> [Instructions for the task]
Retype all of the listing exactly, passing over any picture you find.

> [Data segment]
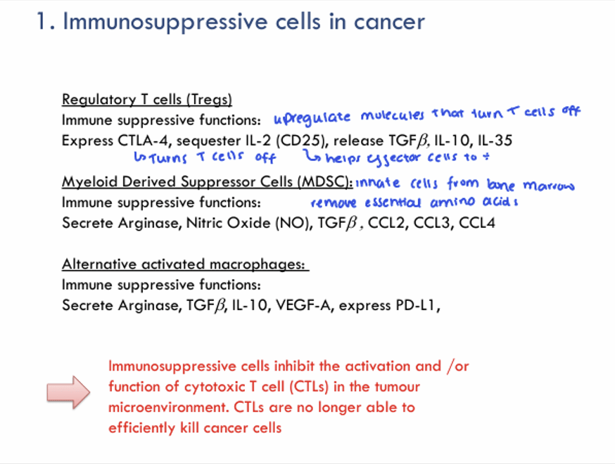 Option A is correct because tumours can recruit immunosuppressive cells like Tregs, MDSCs, and AAMs to suppress CD8+ T-cell activity and promote immune tolerance in the tumour microenvironment. The cells in the tumour microenvironment act in a bidirectional manner. Cancer cells secrete cytokines which influences the type of cells in the TME. Similarly, cells in the TME also secrete cytokines that trigger cancer cell progression & metastasis whilst simultaneously protecting the tumour from the immune response.
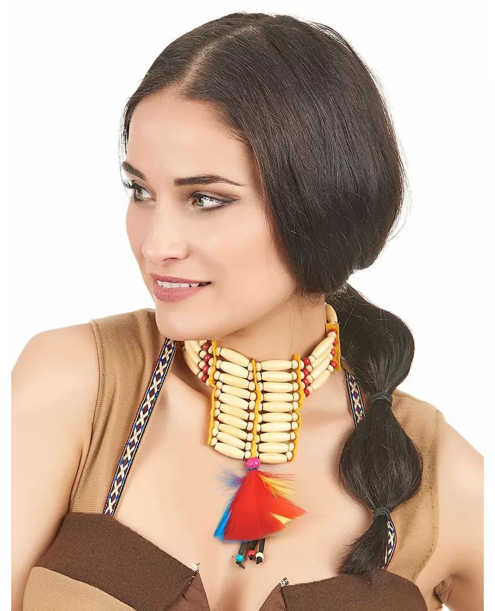 Som om det var håndlaget! Dette vakre indiske halskjedet er for voksne og består av flere rekker med perler i forskjellige farger. I midten er det flerfargede fjær. Halskjedet skal knytes rundt halsen og vil være perfekt som tilbehør til ditt indiske kostyme til for eksempel karneval. Inkludert tilbehør: 1 halskjede
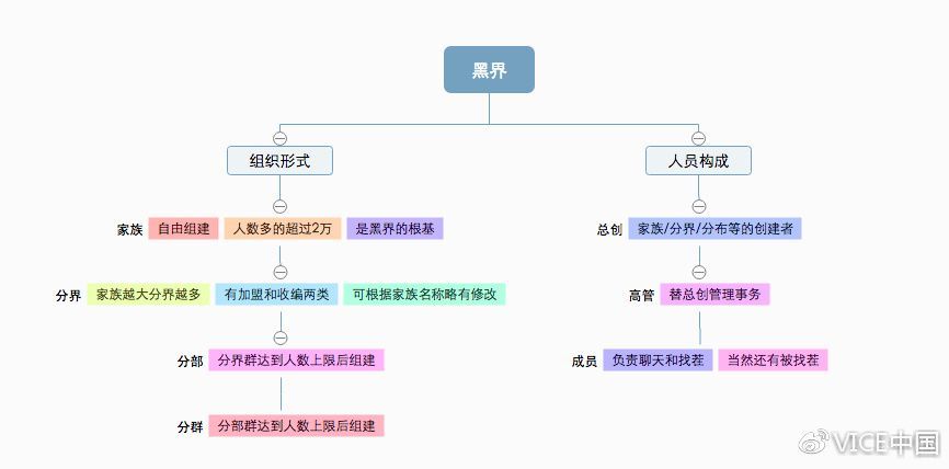 通常来说,黑界的家族由总创、高管和一般成员组成,总创和其他人素以师徒相称。
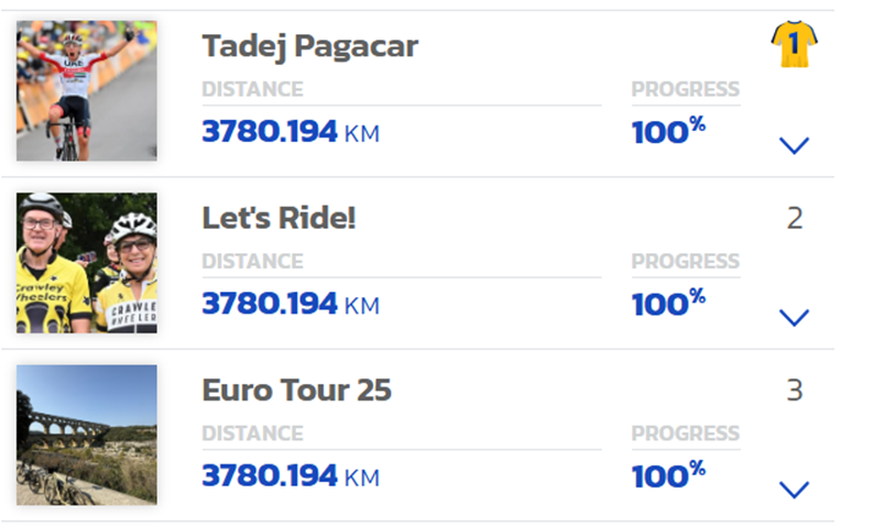 I’ve heard from many of you that the challenge has been motivating, helping you feel fitter, stronger, and ready to enjoy the recent sunshine. The virtual nature means I don’t get to see the moments when the last thing you want to do is stare at the garage wall again or head out into the cold and wet — but you still do it, whether to climb above a rival on the leader board or push your team past the next marker. You know who you are.

> [Result]
 Option A is correct because tumours can recruit immunosuppressive cells like Tregs, MDSCs, and AAMs to suppress CD8+ T-cell activity and promote immune tolerance in the tumour microenvironment. The cells in the tumour microenvironment act in a bidirectional manner. Cancer cells secrete cytokines which influences the type of cells in the TME. Similarly, cells in the TME also secrete cytokines that trigger cancer cell progression & metastasis whilst simultaneously protecting the tumour from the immune response.
 Som om det var håndlaget! Dette vakre indiske halskjedet er for voksne og består av flere rekker med perler i forskjellige farger. I midten er det flerfargede fjær. Halskjedet skal knytes rundt halsen og vil være perfekt som tilbehør til ditt indiske kostyme til for eksempel karneval. Inkludert tilbehør: 1 halskjede
 通常来说,黑界的家族由总创、高管和一般成员组成,总创和其他人素以师徒相称。
 I’ve heard from many of you that the challenge has been motivating, helping you feel fitter, stronger, and ready to enjoy the recent sunshine. The virtual nature means I don’t get to see the moments when the last thing you want to do is stare at the garage wall again or head out into the cold and wet — but you still do it, whether to climb above a rival on the leader board or push your team past the next marker. You know who you are.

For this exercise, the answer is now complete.